There is a tiny room in Chicago that everyone wants to enter. Thousands of artists are trying to break into a space that only has room for ten. Competition exists wherever there is an excess demand for resources and opportunities. The problem in the art world is that certain
types of competition are artificially eliminated. Artists compete to be seen but institutions do not, and these institutions try their best to maintain their monopoly. Four years ago, the NEXT Chicago art fair was disintegrated and succeeded by Art Expo. NEXT Chicago featured many innovative up-and-coming artists, but the smaller galleries representing them siphoned revenue from established galleries who sought a more exclusive space. Some of the established galleries split the community in order to gain more sway in the market and migrated to Art Expo.
They brought with them the original founders of NEXT Chicago. Smaller establishments trying to exist outside of the mainstream art world today struggle to gain traction because those with the influence to help them do so are absorbed into the system.

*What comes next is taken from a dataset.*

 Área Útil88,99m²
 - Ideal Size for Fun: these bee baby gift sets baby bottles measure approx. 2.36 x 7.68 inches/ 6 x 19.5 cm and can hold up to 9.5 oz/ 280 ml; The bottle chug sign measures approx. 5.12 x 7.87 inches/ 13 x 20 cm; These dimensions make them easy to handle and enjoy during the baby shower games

It’s difficult to disturb an establishment that many are invested in. At the same time, most people feel insecure within it: this includes artists, art personnel, art faculty, and gallery owners alike. People fear being kicked out should they do anything to upset the status quo. This has costs for the art community. To draw an analogy from another time and place: In imperial China, an official’s career depended heavily upon his loyalty to the central government, so he prioritized maintaining governmental connections over solving local problems. This was the result of sending bureaucrats to foreign provinces where they couldn’t rally locals to oppose the central government.
Because loyalty to the system was the only way to maintain their position, officials who tried to implement radical change in the lands they
governed didn’t last very long. The alienation of bureaucrats from their areas of governance was intended to create central political stability, but resulted in a government that often became blind to local problems and needed to be periodically overthrown. Corruption kept returning because the system it existed within was broken.

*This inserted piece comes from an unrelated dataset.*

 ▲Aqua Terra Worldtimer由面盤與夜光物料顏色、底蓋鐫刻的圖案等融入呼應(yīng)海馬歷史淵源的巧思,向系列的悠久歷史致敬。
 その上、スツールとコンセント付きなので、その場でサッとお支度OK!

Having grown up within both a Chinese and American culture, I learned that each community has its own set of values, and these values influence its decisions. I developed the ability to think from multiple viewpoints and to connect ideas rather than arguing with politics.

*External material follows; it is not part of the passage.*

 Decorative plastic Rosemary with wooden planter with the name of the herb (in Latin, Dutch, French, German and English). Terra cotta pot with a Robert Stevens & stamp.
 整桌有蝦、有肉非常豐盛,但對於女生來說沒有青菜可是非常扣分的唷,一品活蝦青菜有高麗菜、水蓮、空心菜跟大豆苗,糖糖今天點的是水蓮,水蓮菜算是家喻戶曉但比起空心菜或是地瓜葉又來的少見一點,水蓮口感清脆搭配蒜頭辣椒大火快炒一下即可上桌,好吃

But a crucial component to connecting ideas is being able to unveil the decision-making behind them. The cultural and political milieu we live in inform the works we produce. In the context of the art world, the story of how a piece of work ends up on the wall says as much about the art as the subject of the work itself. Professor David J. O’Brien, instructor of Romantic Art at the University of Illinois Urbana
Champaign, once told our class that until the Romantic period, people thought of art as being a mirror—imitating life. Then towards the end
of the 18th century, they began to view art as being more akin to a lantern. I think it is both; Art reflects our world, while understanding how it is made illuminates our understanding of the world we live in. For real conversations to exist about the art world, transparency needs to exist. I hope we can write to generate honest dialogue. By the time this is published, we will have reached out to local galleries, artists, and museums to talk about the current Chicago art world, on behalf of the New Art Examiner.
Jane Addams, founder of the Hull House and great-great aunt of Jane Addams Allen (co-founder of the NAE) brought people from different
communities together, uniting them through dialogue as a path to mutual understanding and ultimately, progress. This is my hope for what the New Art Examiner will begin to accomplish.